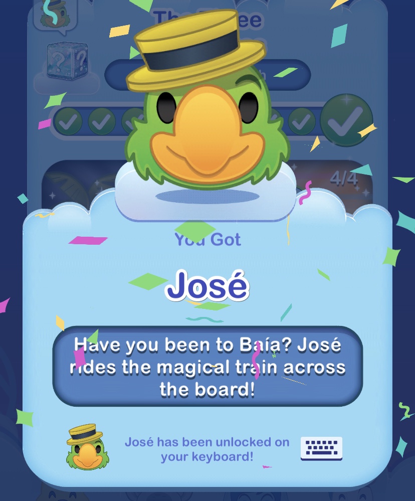 Here are the Three Caballeros item emojis that you can unlock as part of the event. There are four levels that make up this event. The levels are titled:
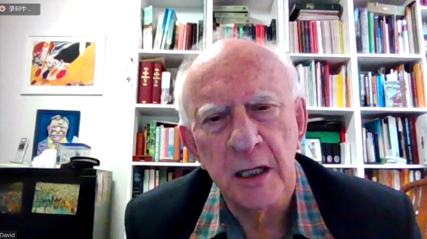 大卫·沃克教授在发言中盛赞中澳建交以来中国经济的杰出成就并表示:双边关系的行稳致远的重要基石是民间交流,人文交流十分关键,中澳共享同一命运的时间比两国建交的时间更长。他分享了与李尧教授合著的回忆录《共逍遥,乐陶陶》将一个澳大利亚人和一个中国人及其各自的家庭与两个国家的命运结合在一起。他以书中十九世纪气候变化对中国和澳大利亚两个家族命运的影响为例,说明虽然中澳远隔重洋,但中澳两国人民共享同一个地球,中国和澳大利亚人民都处在同样的地球气候影响变化之下,此刻也共同面对新冠疫情的挑战,并认为加强合作交流将有利于两国面对共同的挑战。
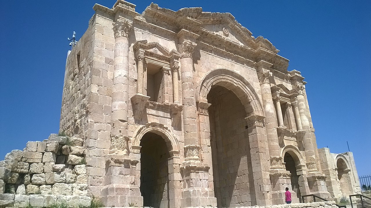 انطلق الباص من الجامعة الأردنية إلى صويلح ومنها إلى جرش عبر طريق رئيسي باتجاهين لا تفصلهما جزيرة حتى وصلنا إلى "قوس هدريان" في يوم 2/ 1/ 1969م. نزلنا من الباص الواحد تلو الآخر ننظر إلى هذا القوس الذي نصب تكريماً لهذا الامبراطور الرومي في عام 129/130 م، وكانت دائرة الآثار العامة الأردنية قد بدأت ترميم ما تهدم من هذا الصرح باشراف المرحوم المهندس يوسف العلمي وقد تمم العمل السيد عبدالمجيد مجلي.

How to complete this task: Give back, unaltered, each line of the listing from the first to the line that contains "大卫·沃克教授在发言中盛赞中", leaving every picture out.

Result for this task:
 Here are the Three Caballeros item emojis that you can unlock as part of the event. There are four levels that make up this event. The levels are titled:
 大卫·沃克教授在发言中盛赞中澳建交以来中国经济的杰出成就并表示:双边关系的行稳致远的重要基石是民间交流,人文交流十分关键,中澳共享同一命运的时间比两国建交的时间更长。他分享了与李尧教授合著的回忆录《共逍遥,乐陶陶》将一个澳大利亚人和一个中国人及其各自的家庭与两个国家的命运结合在一起。他以书中十九世纪气候变化对中国和澳大利亚两个家族命运的影响为例,说明虽然中澳远隔重洋,但中澳两国人民共享同一个地球,中国和澳大利亚人民都处在同样的地球气候影响变化之下,此刻也共同面对新冠疫情的挑战,并认为加强合作交流将有利于两国面对共同的挑战。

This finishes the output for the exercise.